Scrambling to his feet, he cried out, “You flakey skag!” and swung again. She didn’t flinch.
Didn’t even try to block it.
“Feel better boy?”
Fear surged through him—unlike anything he had ever known.
Her backhand sent him sprawling across the cellar.
He staggered up and charged her. For a moment, the grappled seemed successful – until he
realized it was her who had the better grip of him. He struggled, uselessly. This was
incomprehensible.
Her voice changed. Still authoritative, but now like a stern loving mother. “Relax. Calm down
my Childe. You’ll be alright.”
Talbot didn’t believe. He felt death was upon him. The manner of which he could not fathom.
Moonlight crept in from the open cellar door. He could barely make out the features. Her eyes
were deep red. Her face closed in. He saw her teeth – her fangs.
He was in a horror story. He tried desperately to break free. It was futile. Failure was clear when
her fangs pierced his skin. Her grip tightened as his life slackened. He felt the cold. Recognition
of his surroundings faded.
As he died in her arms, he vaguely remembered her feeding him something, like a mother
nourishing a starving newborn.
As he dropped to floor he believed he heard her say. “Survive the winter and maybe we shall
meet again.”
Timing unknown, darkness broke for Talbot. He awoke in the same cellar, though it did not feel
as damp or as cold as it should have. He was terribly hungry—and terribly ill. The cellar door
appeared closed, but he could still see most of his surroundings.
Perched near the steps was the silent guardian. He sat almost like a canine. Clearer in view now,
he appeared like a mangy wolf.
There was another person – body, in the room. A female, yes a female. She appeared to be in a
state. Maybe tripping on acid. She seemed awake but unaware of where she was.
Then the illness was abrupt. He suffered convulsions. Vomiting what appeared to be blood.
Uncontrolled spams moving him involuntarily around the room. The guardian seemed amused.
Talbot was not.
“Feed.” The guardian said. “Feed and you will feel better.”
“Feed?” Talbot thought. “Feed what?”
“It’s the hunger you feel.”
Talbot could barely understand the words or feelings in the moment. Hunger consumed
everything. A sickness that demanded action—now, violently. He looked toward the guardian
with aggression.
“No!” The guardian stood, pointing. “Her!”
Talbot turned and looked at the young hallucinating girl. Probably a festival goer. He did not
know. Nor did he care. With conflicting feelings, he charged at the girl. With ease, he lifted her
from the ground. Cradled in his arms he looked at her face. She was smiling, mind elsewhere.
He bit. Her eyes widened, though a strange smile remained. He satisfied his hunger completely.
He gently placed her to the floor.
“Now you are one of us.” The not so silent guardian said. “Complete your journey, survive the
winter.
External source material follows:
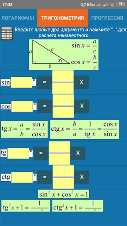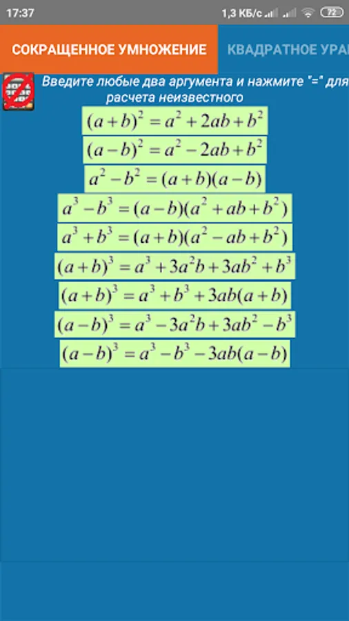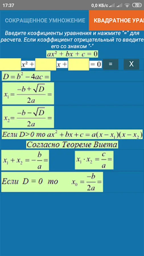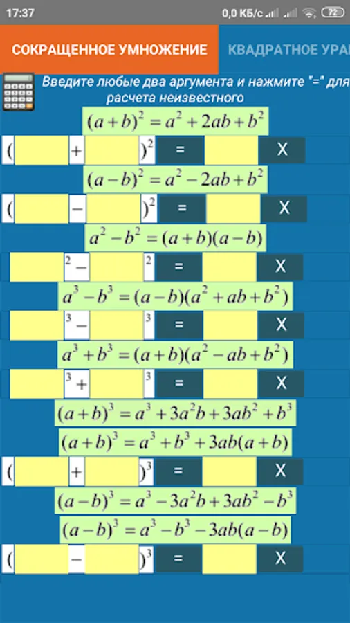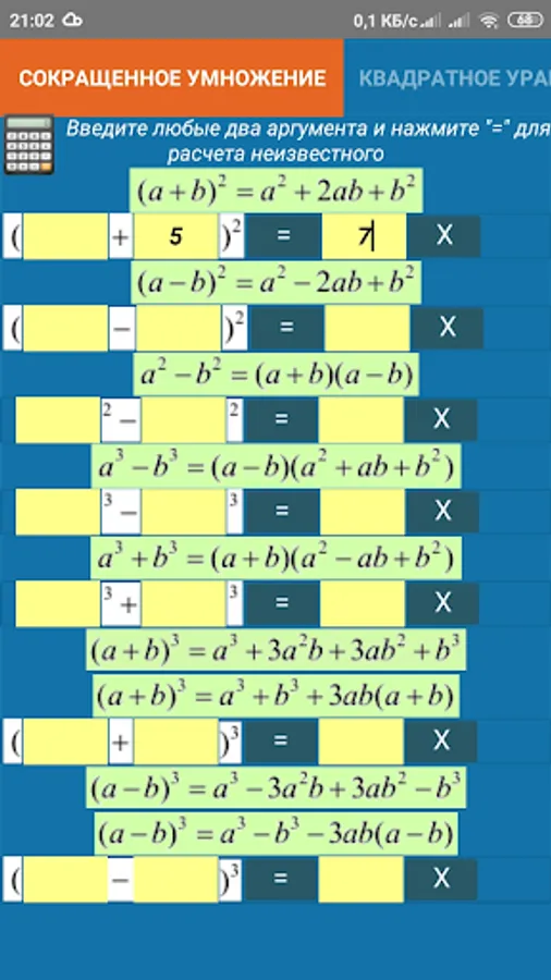 Now you don’t have to rummage through the textbook, the program contains the main algebra formulas needed by schoolchildren. The calculator next to the formulas finds an unknown value if all the others are known, which helps in solving problems.

Maybe you’ll understand the gift you’ve been given.”
“Gift, journey, winter – it’s fucking August!”
“Yeap, good luck.” The guardian turned to leave.
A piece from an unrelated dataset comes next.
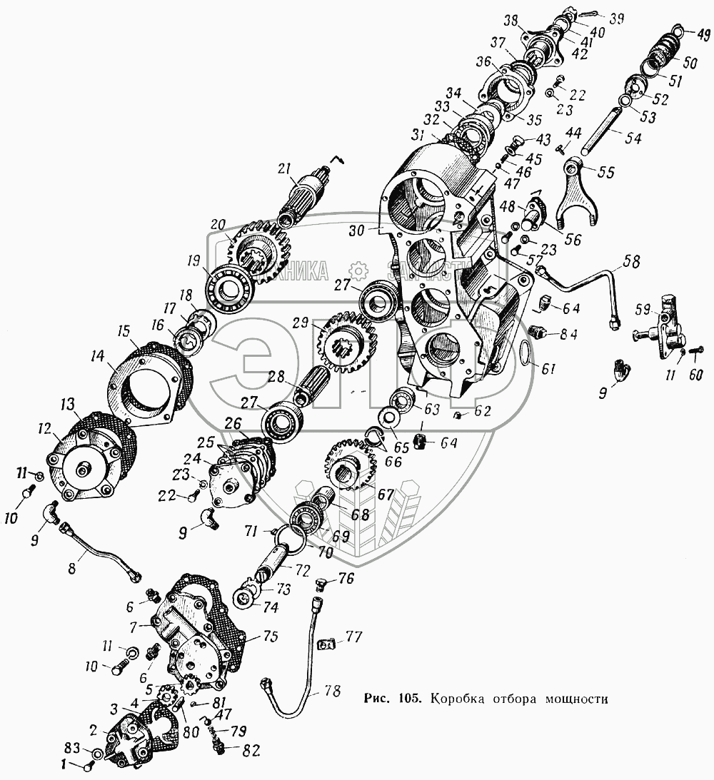 Каталог запасных частей к технике: МАЗ-537. Коробка отбора мощности

“Wait. What do I do now? Who am I? What am I?”
“Now?” The guardian paused. “Now, you are nothing. Become something.” The cellar door
collapsed closed.
Talbot have heard of vampire stories. Was that what he was now? He couldn’t go home. That
much was certain.
“Can I go in the sun?” He thought.
“Crosses?!” Panic surged. He pulled a Catholic cross from beneath his shirt. No burn. No pain.
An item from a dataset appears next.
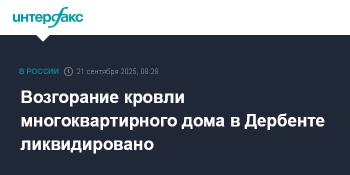 Москва. 21 сентября. INTERFAX.RU - Пожарные полностью ликвидировали возгорание кровли девятиэтажного дома в дагестанском Дербенте, жертв и пострадавших нет, сообщает в воскресенье пресс-служба ГУ МЧС России по республике.

“No burn marks like the fairy tales.” Good.
He realized he could see fairly well in the dark. Also, good.
He wondered. “Are my eyes red?”
Then – his humanity.
He looked upon his victim. Wondered what he had done and why. What becomes of her, her
family, her friends. Unanswered, he stared.
At last, a single tear rolled slowly down his dirt- and blood-streaked face.